→ Task instructions: Keep the pictures out, please, and set down every record exactly.

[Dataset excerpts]
▬▬▬

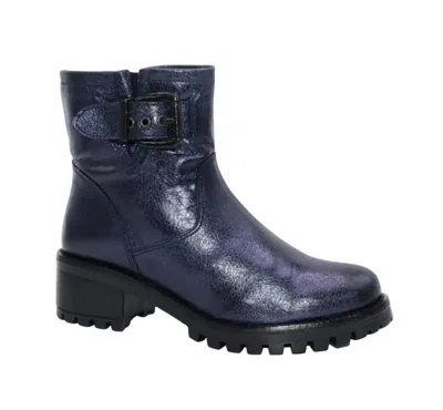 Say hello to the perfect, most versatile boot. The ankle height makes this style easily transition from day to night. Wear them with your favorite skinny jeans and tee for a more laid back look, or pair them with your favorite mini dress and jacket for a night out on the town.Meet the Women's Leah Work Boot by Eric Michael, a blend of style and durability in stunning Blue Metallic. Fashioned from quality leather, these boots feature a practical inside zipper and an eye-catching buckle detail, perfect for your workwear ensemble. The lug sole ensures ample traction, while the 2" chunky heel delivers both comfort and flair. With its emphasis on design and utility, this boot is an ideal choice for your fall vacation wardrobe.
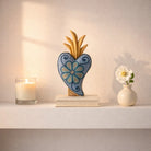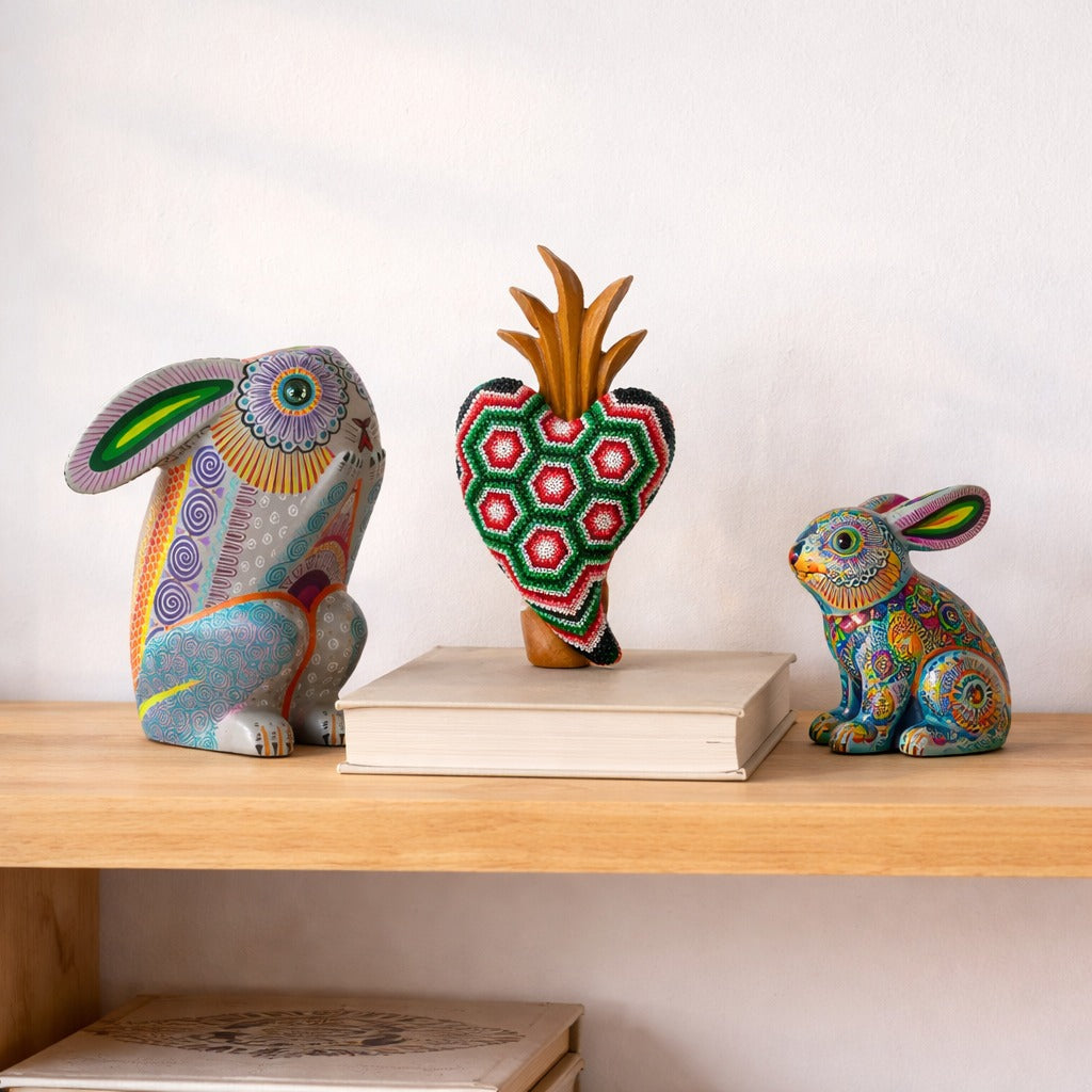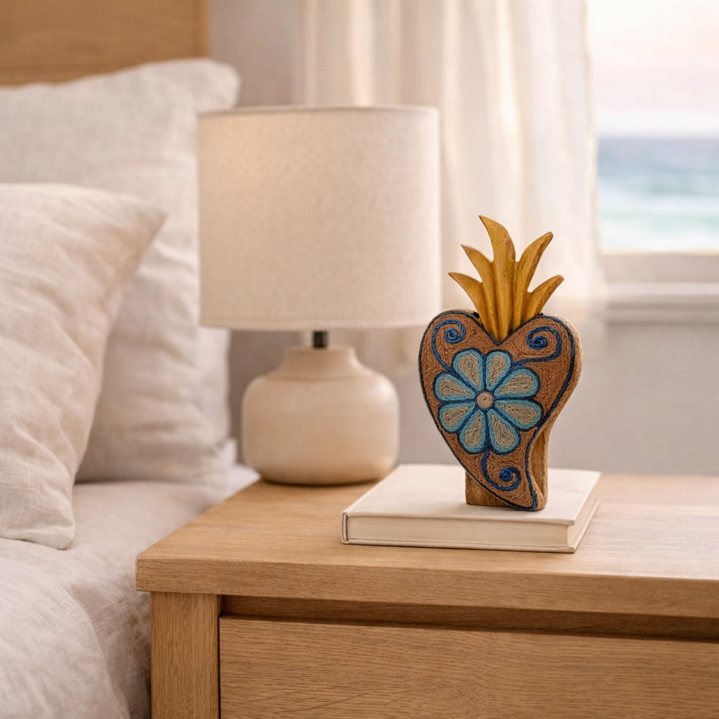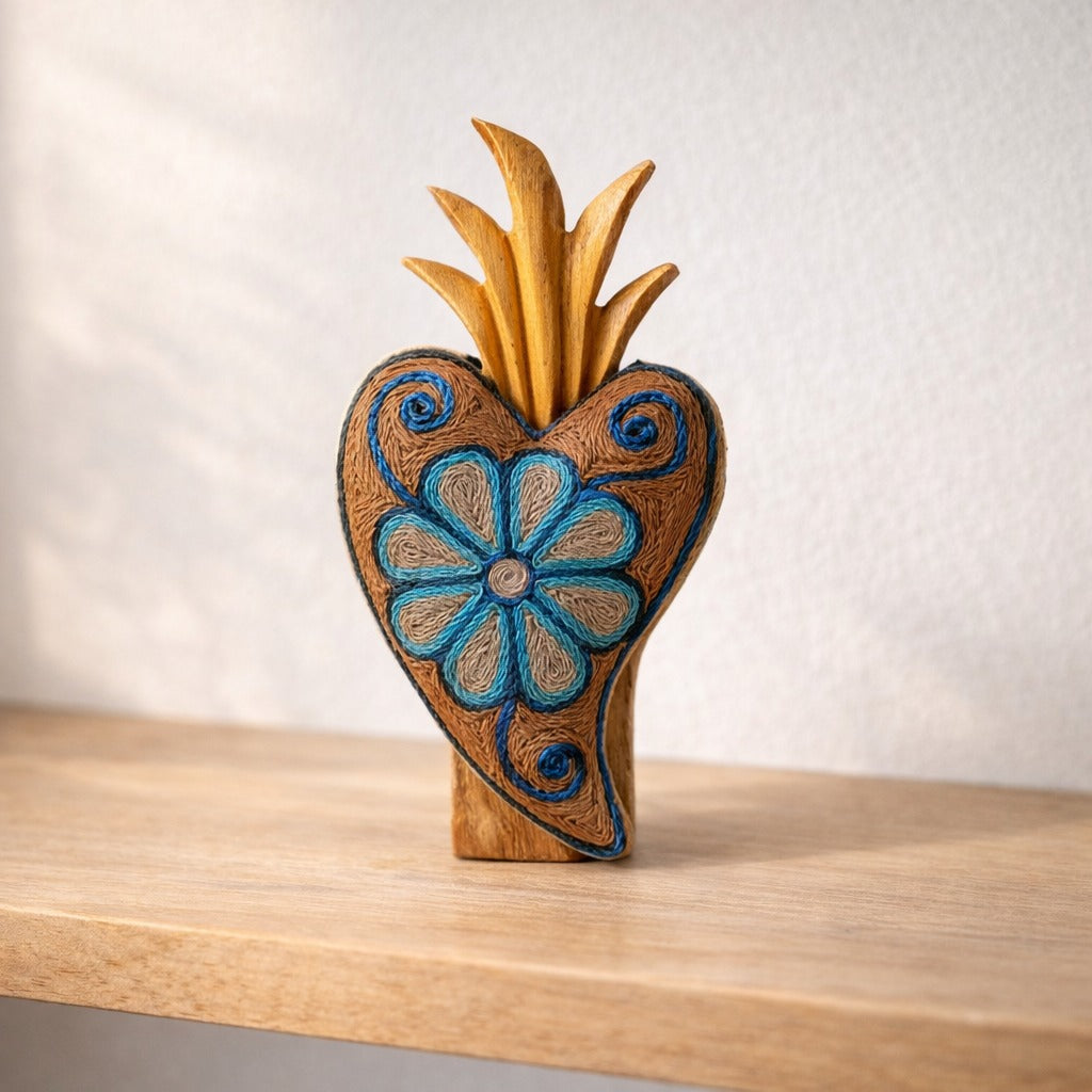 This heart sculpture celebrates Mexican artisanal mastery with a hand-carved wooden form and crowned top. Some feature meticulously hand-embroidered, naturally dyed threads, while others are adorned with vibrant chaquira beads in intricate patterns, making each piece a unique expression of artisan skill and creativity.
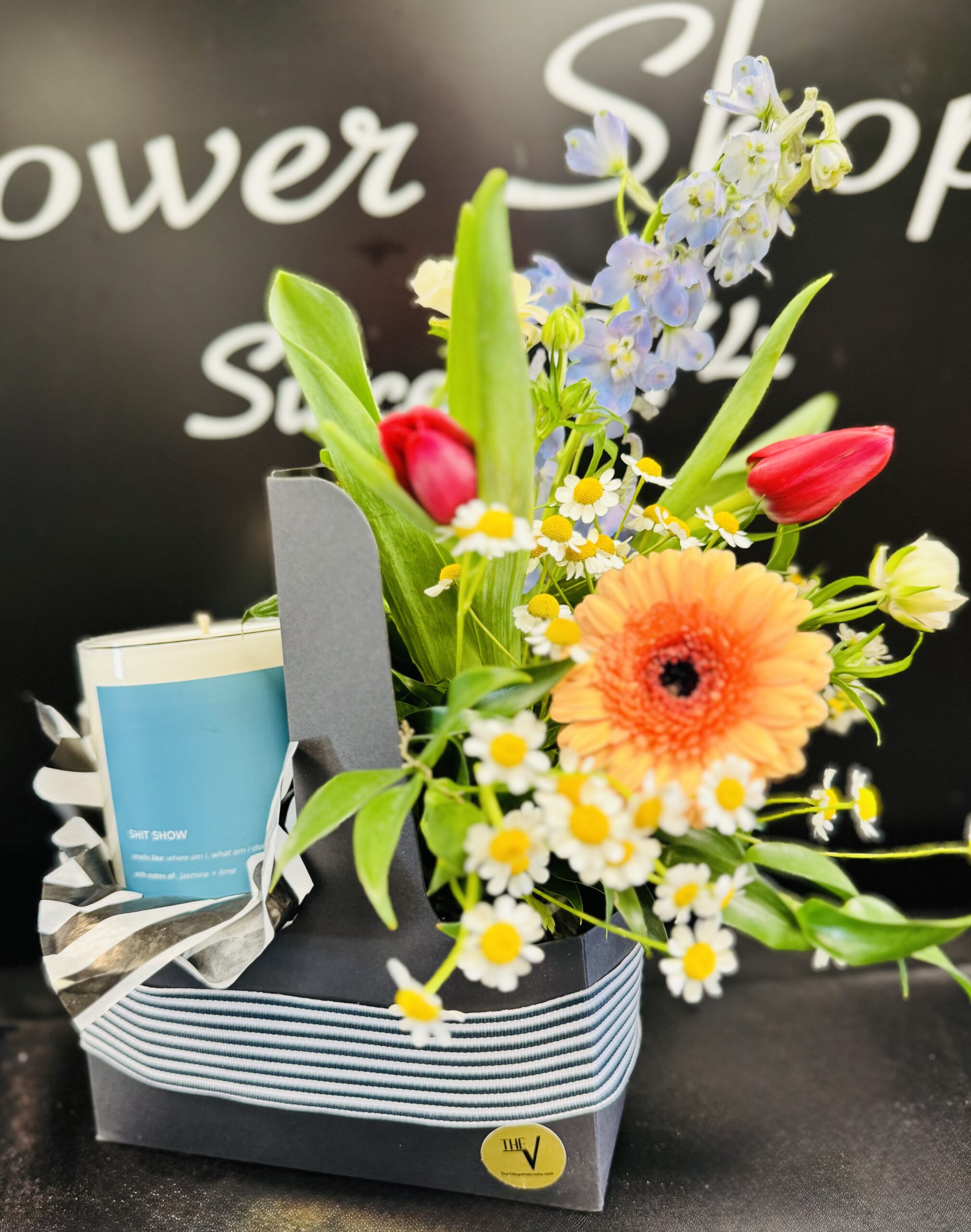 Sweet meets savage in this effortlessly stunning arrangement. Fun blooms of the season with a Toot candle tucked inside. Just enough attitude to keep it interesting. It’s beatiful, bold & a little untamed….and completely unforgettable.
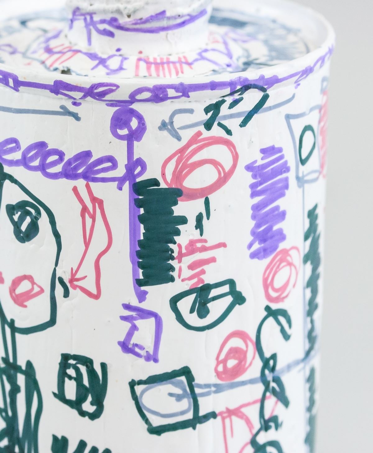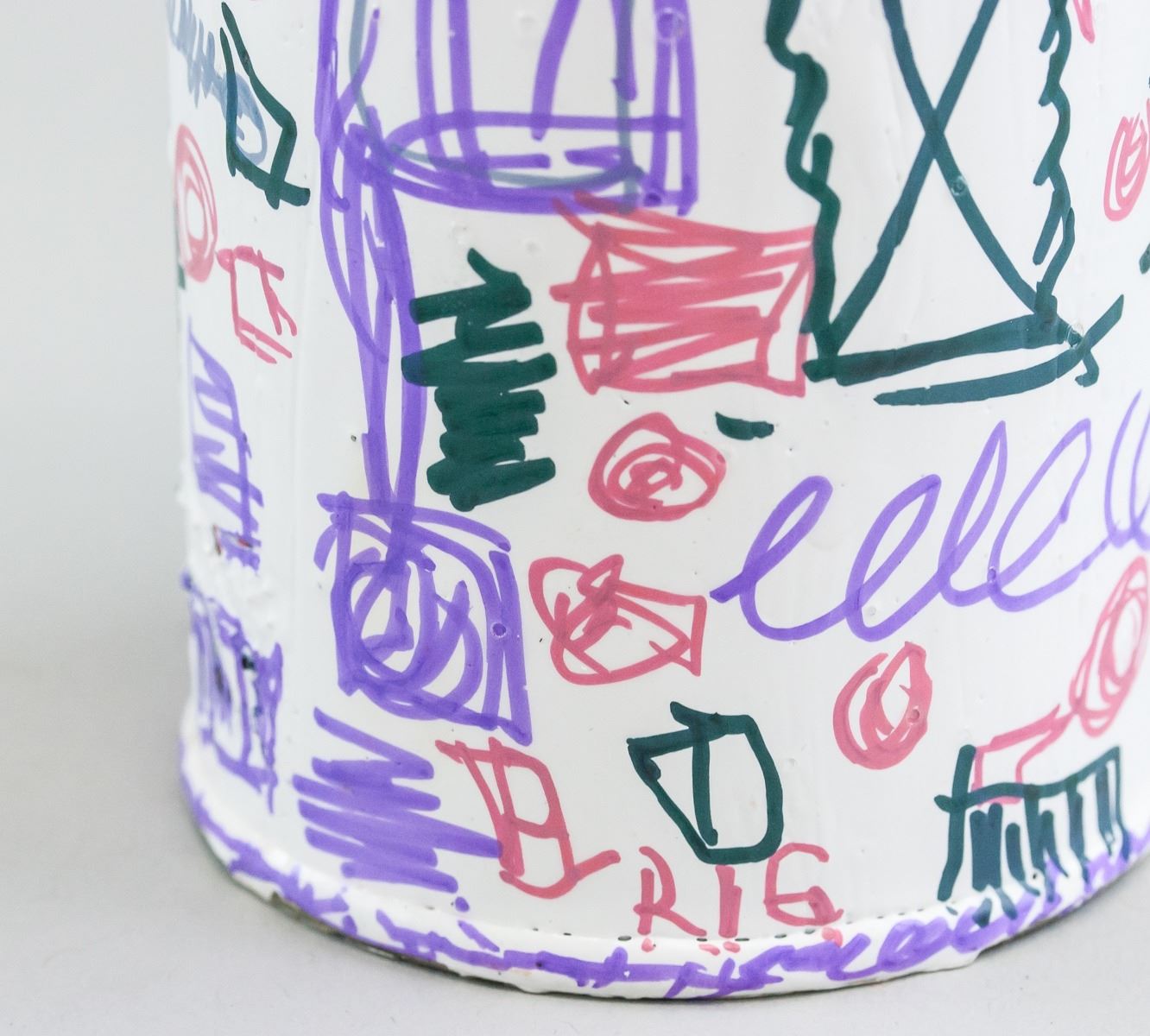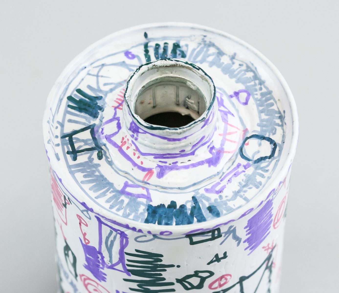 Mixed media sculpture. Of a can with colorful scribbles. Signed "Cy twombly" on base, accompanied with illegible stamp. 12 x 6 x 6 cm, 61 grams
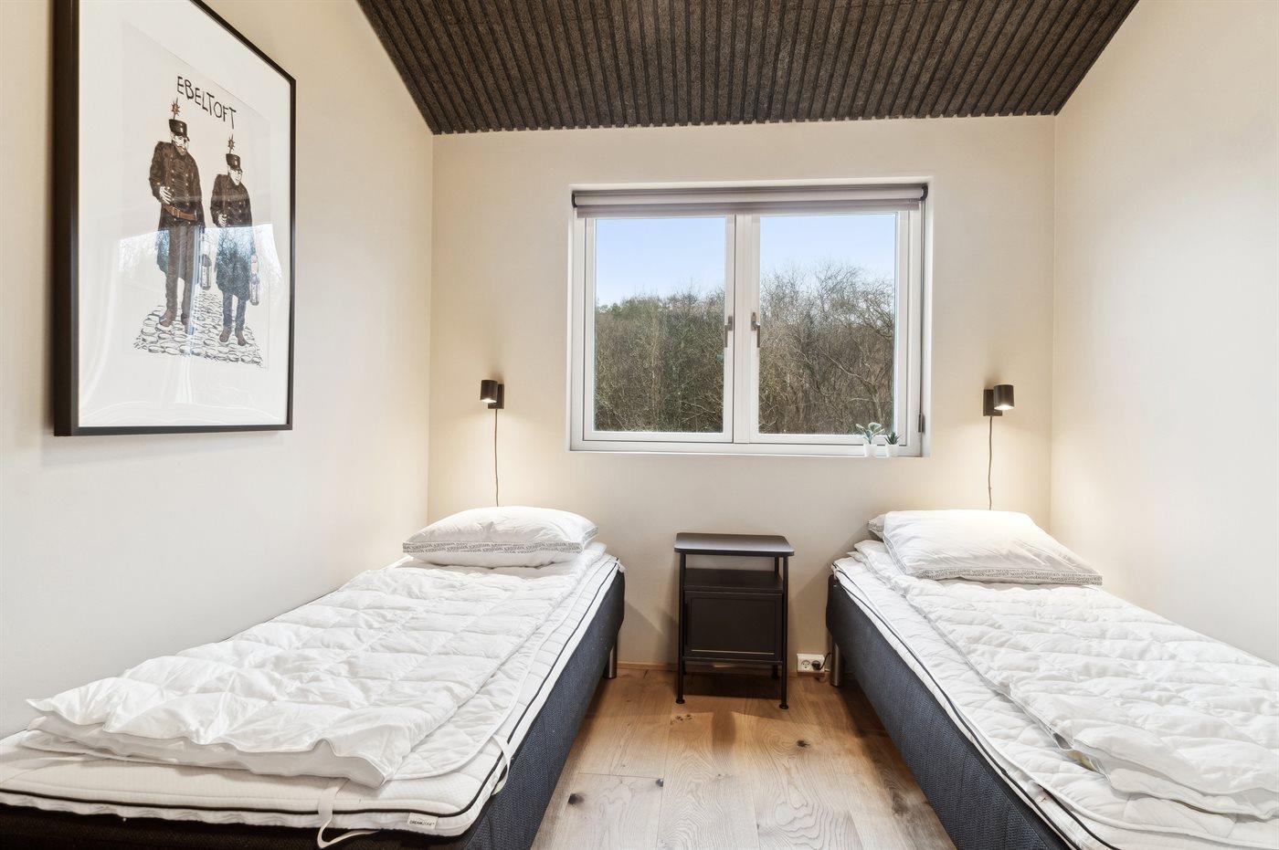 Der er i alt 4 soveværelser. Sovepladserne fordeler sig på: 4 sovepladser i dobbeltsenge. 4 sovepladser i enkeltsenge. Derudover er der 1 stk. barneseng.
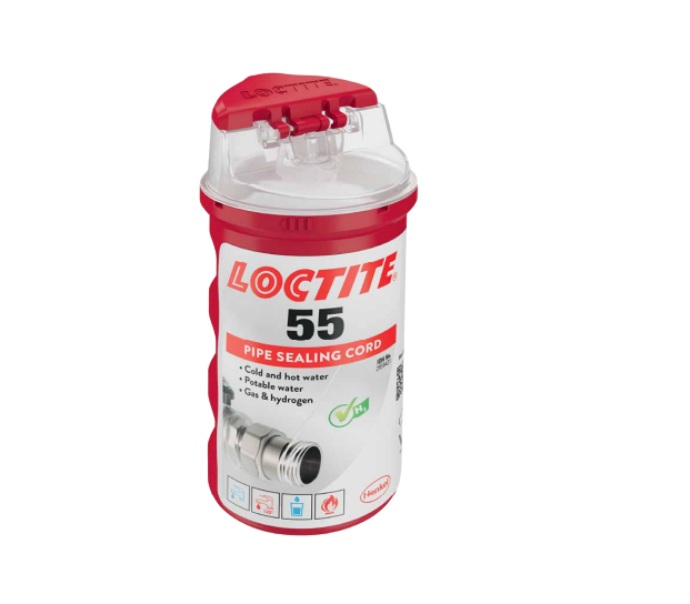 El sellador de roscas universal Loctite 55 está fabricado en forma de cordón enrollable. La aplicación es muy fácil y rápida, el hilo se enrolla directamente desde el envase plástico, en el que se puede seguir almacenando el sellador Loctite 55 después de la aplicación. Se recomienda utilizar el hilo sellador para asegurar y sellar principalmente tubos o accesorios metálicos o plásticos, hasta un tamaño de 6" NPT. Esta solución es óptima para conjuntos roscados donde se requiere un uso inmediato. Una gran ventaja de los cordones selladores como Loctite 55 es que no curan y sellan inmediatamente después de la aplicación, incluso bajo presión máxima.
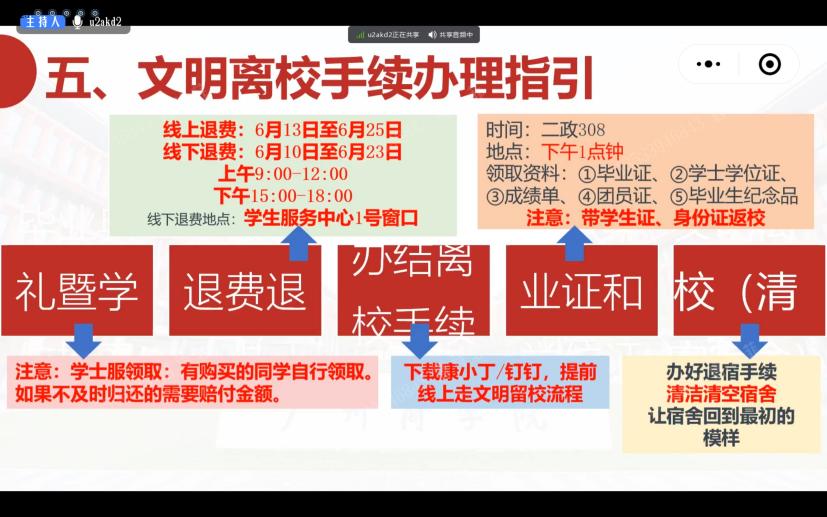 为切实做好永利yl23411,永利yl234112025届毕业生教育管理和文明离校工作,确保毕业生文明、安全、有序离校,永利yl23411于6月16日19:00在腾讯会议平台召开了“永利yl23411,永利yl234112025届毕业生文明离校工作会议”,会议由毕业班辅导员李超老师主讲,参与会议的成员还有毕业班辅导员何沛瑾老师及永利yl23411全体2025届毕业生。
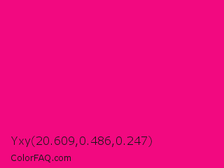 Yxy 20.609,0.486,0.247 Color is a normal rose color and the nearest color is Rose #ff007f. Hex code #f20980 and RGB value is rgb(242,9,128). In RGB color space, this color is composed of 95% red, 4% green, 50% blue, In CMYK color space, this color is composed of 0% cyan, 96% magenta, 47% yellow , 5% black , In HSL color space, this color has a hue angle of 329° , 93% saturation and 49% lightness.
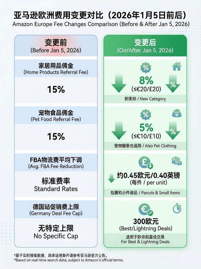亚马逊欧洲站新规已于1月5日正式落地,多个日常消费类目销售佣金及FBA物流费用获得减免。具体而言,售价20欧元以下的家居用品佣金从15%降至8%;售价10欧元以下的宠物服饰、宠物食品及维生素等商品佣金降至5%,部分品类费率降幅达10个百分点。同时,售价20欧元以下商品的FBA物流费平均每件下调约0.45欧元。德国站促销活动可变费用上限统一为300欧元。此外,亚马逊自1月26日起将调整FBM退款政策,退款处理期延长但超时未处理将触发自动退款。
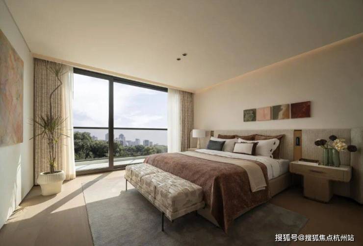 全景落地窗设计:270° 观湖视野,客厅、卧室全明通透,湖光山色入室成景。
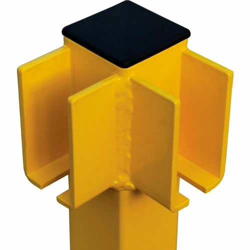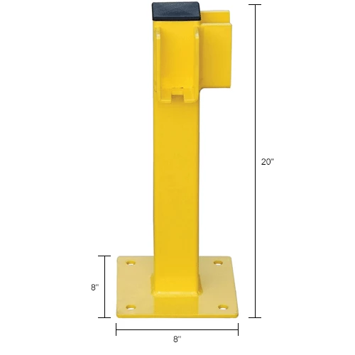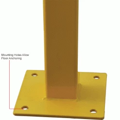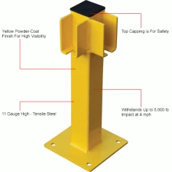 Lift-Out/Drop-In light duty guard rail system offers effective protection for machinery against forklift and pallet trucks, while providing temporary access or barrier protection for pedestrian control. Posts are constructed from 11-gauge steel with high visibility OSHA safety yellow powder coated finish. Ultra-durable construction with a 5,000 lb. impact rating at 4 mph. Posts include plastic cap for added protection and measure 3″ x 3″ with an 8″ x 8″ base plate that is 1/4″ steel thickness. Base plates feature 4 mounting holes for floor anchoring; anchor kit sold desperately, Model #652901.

▬▬▬

→ Response below:
 Say hello to the perfect, most versatile boot. The ankle height makes this style easily transition from day to night. Wear them with your favorite skinny jeans and tee for a more laid back look, or pair them with your favorite mini dress and jacket for a night out on the town.Meet the Women's Leah Work Boot by Eric Michael, a blend of style and durability in stunning Blue Metallic. Fashioned from quality leather, these boots feature a practical inside zipper and an eye-catching buckle detail, perfect for your workwear ensemble. The lug sole ensures ample traction, while the 2" chunky heel delivers both comfort and flair. With its emphasis on design and utility, this boot is an ideal choice for your fall vacation wardrobe.
 This heart sculpture celebrates Mexican artisanal mastery with a hand-carved wooden form and crowned top. Some feature meticulously hand-embroidered, naturally dyed threads, while others are adorned with vibrant chaquira beads in intricate patterns, making each piece a unique expression of artisan skill and creativity.
 Sweet meets savage in this effortlessly stunning arrangement. Fun blooms of the season with a Toot candle tucked inside. Just enough attitude to keep it interesting. It’s beatiful, bold & a little untamed….and completely unforgettable.
 Mixed media sculpture. Of a can with colorful scribbles. Signed "Cy twombly" on base, accompanied with illegible stamp. 12 x 6 x 6 cm, 61 grams
 Der er i alt 4 soveværelser. Sovepladserne fordeler sig på: 4 sovepladser i dobbeltsenge. 4 sovepladser i enkeltsenge. Derudover er der 1 stk. barneseng.
 El sellador de roscas universal Loctite 55 está fabricado en forma de cordón enrollable. La aplicación es muy fácil y rápida, el hilo se enrolla directamente desde el envase plástico, en el que se puede seguir almacenando el sellador Loctite 55 después de la aplicación. Se recomienda utilizar el hilo sellador para asegurar y sellar principalmente tubos o accesorios metálicos o plásticos, hasta un tamaño de 6" NPT. Esta solución es óptima para conjuntos roscados donde se requiere un uso inmediato. Una gran ventaja de los cordones selladores como Loctite 55 es que no curan y sellan inmediatamente después de la aplicación, incluso bajo presión máxima.
 为切实做好永利yl23411,永利yl234112025届毕业生教育管理和文明离校工作,确保毕业生文明、安全、有序离校,永利yl23411于6月16日19:00在腾讯会议平台召开了“永利yl23411,永利yl234112025届毕业生文明离校工作会议”,会议由毕业班辅导员李超老师主讲,参与会议的成员还有毕业班辅导员何沛瑾老师及永利yl23411全体2025届毕业生。
 Yxy 20.609,0.486,0.247 Color is a normal rose color and the nearest color is Rose #ff007f. Hex code #f20980 and RGB value is rgb(242,9,128). In RGB color space, this color is composed of 95% red, 4% green, 50% blue, In CMYK color space, this color is composed of 0% cyan, 96% magenta, 47% yellow , 5% black , In HSL color space, this color has a hue angle of 329° , 93% saturation and 49% lightness.
亚马逊欧洲站新规已于1月5日正式落地,多个日常消费类目销售佣金及FBA物流费用获得减免。具体而言,售价20欧元以下的家居用品佣金从15%降至8%;售价10欧元以下的宠物服饰、宠物食品及维生素等商品佣金降至5%,部分品类费率降幅达10个百分点。同时,售价20欧元以下商品的FBA物流费平均每件下调约0.45欧元。德国站促销活动可变费用上限统一为300欧元。此外,亚马逊自1月26日起将调整FBM退款政策,退款处理期延长但超时未处理将触发自动退款。
 全景落地窗设计:270° 观湖视野,客厅、卧室全明通透,湖光山色入室成景。
 Lift-Out/Drop-In light duty guard rail system offers effective protection for machinery against forklift and pallet trucks, while providing temporary access or barrier protection for pedestrian control. Posts are constructed from 11-gauge steel with high visibility OSHA safety yellow powder coated finish. Ultra-durable construction with a 5,000 lb. impact rating at 4 mph. Posts include plastic cap for added protection and measure 3″ x 3″ with an 8″ x 8″ base plate that is 1/4″ steel thickness. Base plates feature 4 mounting holes for floor anchoring; anchor kit sold desperately, Model #652901.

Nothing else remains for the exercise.